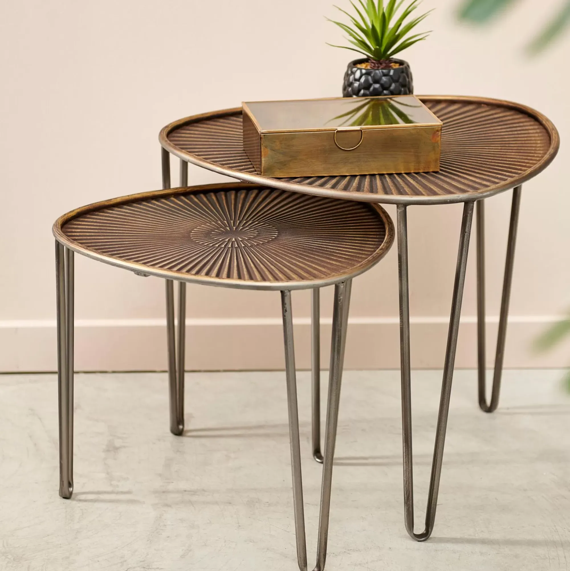 OVO Mesas auxiliares juego de 2 38X38X35CM/46.5X46.5X41CM plateado, cobrizo
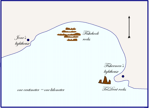 Locate all points that are 5 km from Jones lighthouse. Locate all points that are 8 km from Fishermen’s lighthouse. Mark with an X at the point or points where the ship might be. Decide if and where, if any, place(s) that you would send a search crew )
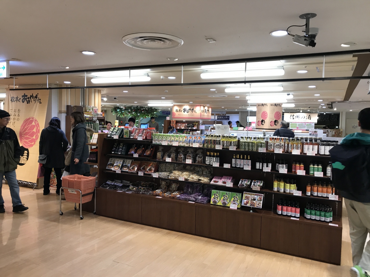 松本バスターミナルの中にはいろいろなお店が入っていますが、地下一階にの土産屋さんのおかげで買い忘れた品を手身入れることができました。お酒から食品までいろいろな商品がそろっていますので、電車やバスの発車前にちょっとした買い物ができました。
○ ○ ○
Problem description:
Everything in the material must be duplicated exactly, except the pictures.

Solution to the problem:
 OVO Mesas auxiliares juego de 2 38X38X35CM/46.5X46.5X41CM plateado, cobrizo
 Locate all points that are 5 km from Jones lighthouse. Locate all points that are 8 km from Fishermen’s lighthouse. Mark with an X at the point or points where the ship might be. Decide if and where, if any, place(s) that you would send a search crew )
 松本バスターミナルの中にはいろいろなお店が入っていますが、地下一階にの土産屋さんのおかげで買い忘れた品を手身入れることができました。お酒から食品までいろいろな商品がそろっていますので、電車やバスの発車前にちょっとした買い物ができました。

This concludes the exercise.